| Exercise |
Please give an exact printout of the records, without any pictures.

***** Dataset records

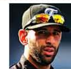
Top MLB All-Star Vote-Getters of All Time
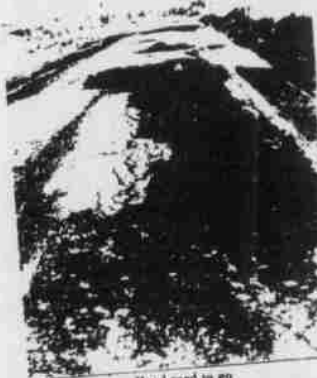
Hard road to go

The Heppner GAZETTE-TIMES Morrow County's Award-Winning Weekly Newspaper
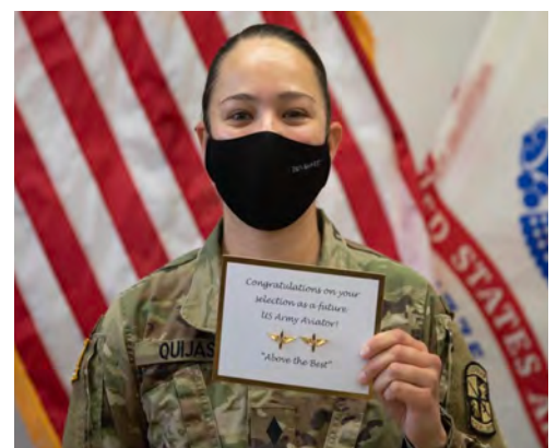
CDT Quijas after getting her top branch preference: Aviation!
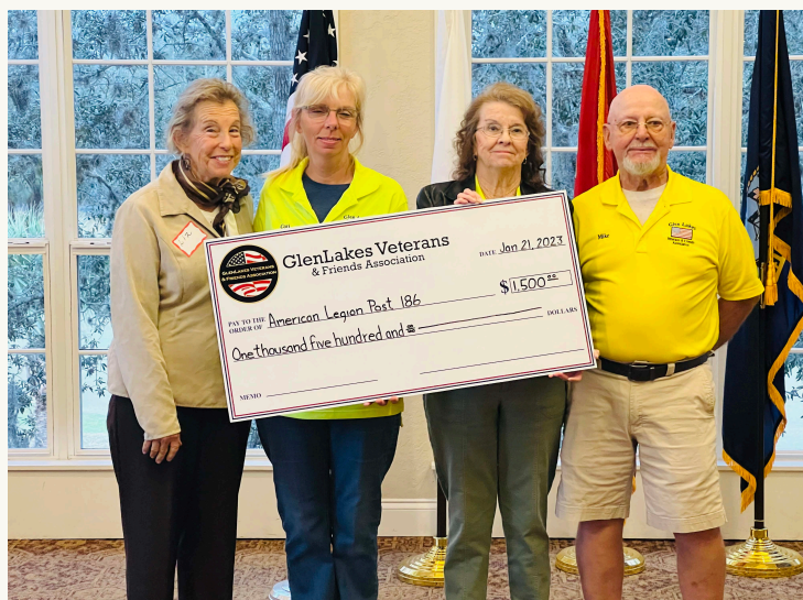
all while giving back to the community!
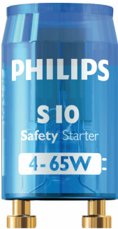
LPPR STARTER PHL 0003
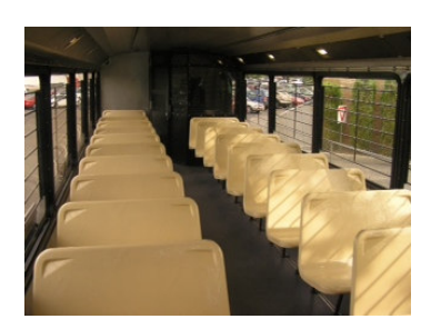
Interior of a bus

**********

| Output for this exercise |
Top MLB All-Star Vote-Getters of All Time
Hard road to go

The Heppner GAZETTE-TIMES Morrow County's Award-Winning Weekly Newspaper
CDT Quijas after getting her top branch preference: Aviation!
all while giving back to the community!
LPPR STARTER PHL 0003
Interior of a bus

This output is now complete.